- Poster
- Directed by: Max Newsom
- Written by: Max Newsom
- Produced by: Will Randall-Coath Dankuro Shinma Max Newsom
- Starring: Kristin Sophusdottir Helena Mattsson Tom Maden Atli Oskar Fjalarsson Judd Nelson
- Release date: September 10, 2021;
- Running time: 90 minutes
- Country: United Kingdom
- Language: English

= Iceland Is Best =

Iceland Is Best is a 2021 British drama film written and directed by Max Newsom and starring Kristin Sophusdottir, Helena Mattsson, Tom Maden, Atli Oskar Fjalarsson and Judd Nelson.

==Plot==
Sigga lives in a small village in rural Iceland. She wants to emigrate to California, but those around her want her to stay. She gets money for an airfare from her grandfather, and heads off in a van driven by one of her friends, accompanied by other friends. Along the way, they meet a handsome American. He steals Sigga's bag, so she has to go to a party to retrieve her bag. After further misadventures, they end up back home. Sigga's father realises she is determined to leave, so he drives her to the airport instead.

==Cast==
- Judd Nelson as Mr.
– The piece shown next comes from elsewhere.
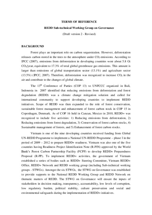 Home Document Library TOR For STWG On Governance TOR for STWG on Governance Tue, 29 Oct, 2013 Download the resource Format: application/pdf Size: (0.188 MB) download Filed under: Category Empty Related publications View all Foundation documents 23 May, 2025UN-REDD Programme Developer 23/05/2025 - Document Download English 21 May, 2025UN-REDD Programme Draft UN-REDD 2026-2030 Strategy Download English 21 May, 2025UN-REDD Programme Draft Monitoring and Evaluation Framework UN-REDD 2026-30 Download English
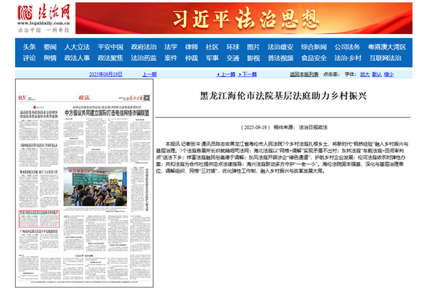 《法治日报》:黑龙江海伦市法院基层法庭助力乡村振兴

Sondquist
- Kristin Sophusdottir as Sigga
- Tom Maden as Nikki
- Helena Mattsson as Carla
- Tom Prior as Jack
- Alfrun Laufeyjardottir as Kata
- Atli Oskar Fjalarsson as Gunni
- Mikael Kaaber as Benni
- Jasmin Dufa Pitt as Pia
- Stefan Hallur Stefansson as Bjorn
- Arnar Jónsson as Grandfather
- Ragnheidur Steindorsdottir as Grandmother

==Release==
The film was released in the United Kingdom on 10 September 2021.

==Reception==
Phuong Le of The Guardian awarded the film two stars out of five.

Rich Cline of Shadows on the Wall awarded the film three stars out of five.